Many colleagues want to use simpler databases that allow them to perform analyses and create reports themselves. Hospital owners most often want centralised storage of large amounts of data (8). Good access control and secure storage are probably more important than the choice of database. Regardless of the platform, the new databases must be able to meet the EU’s requirements regarding protection of personal data (9).

Quality control should be required

Our database was developed because commercial software was not available. All departments that perform surgical procedures or interventions should have a quality database that allows treatment providers and managers to continually monitor results. The quality database can be a structured part of the medical records.

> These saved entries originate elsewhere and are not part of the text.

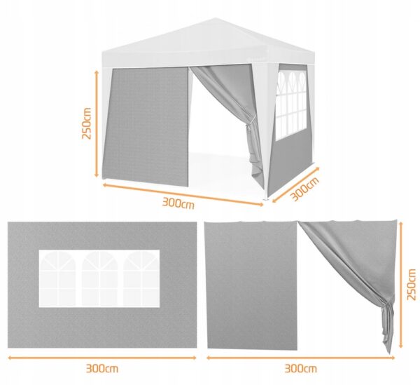 - Wymiary: Pasuje do pawilonów o rozmiarze 3×3 m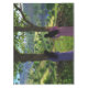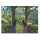Twin young ladies peer out from behind two trees down into a lush green glen between rocky hills, filled with little farms and hedgerows and stone walls and watered by a sparkling stream that cascades down the hills.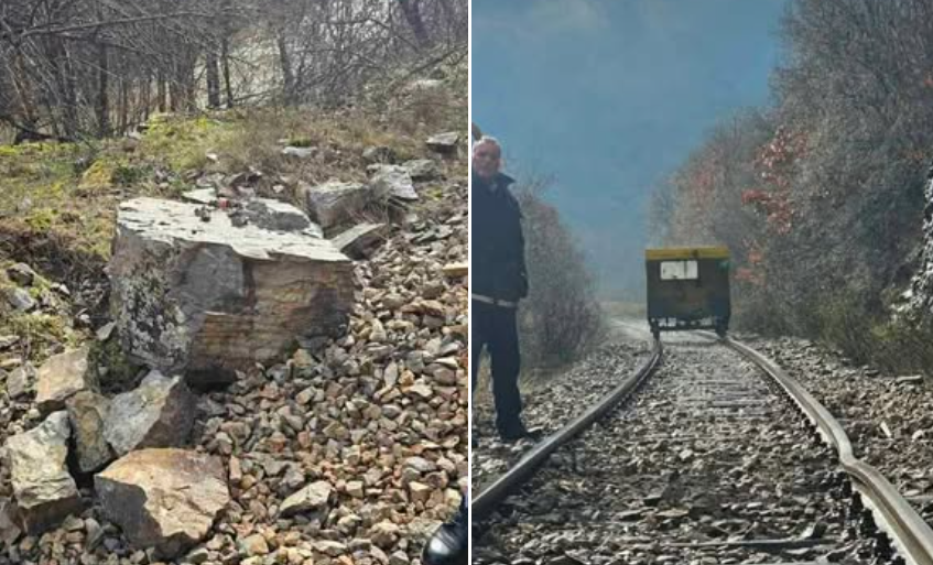 Binari hekurudhor në rrugën Klinë-Prishtinë është dëmtuar nga një shembje e gurëve.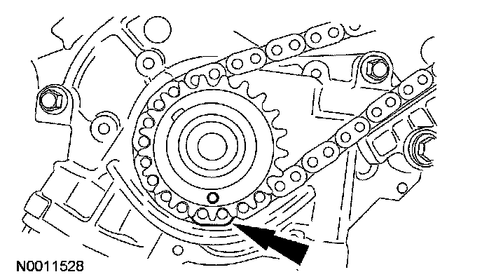 18. NOTE: The camshaft phaser and sprocket will be stamped with one of the illustrated timing marks for the RH camshaft.

Many departments have experience with quality monitoring over a long period of time, but when these (often self-developed) systems are eventually discontinued, those experiences should be incorporated into future activities. It is not the case that if something is new, it is necessarily better. Operations and interventions are still being performed in Norway without sufficient, ongoing quality control. Quality control should be a requirement, but it requires resources. Much of the quality-improvement work that has been done over the decades at no charge by enthusiastic health professionals will be phased out and replaced by new systems. This will be costly.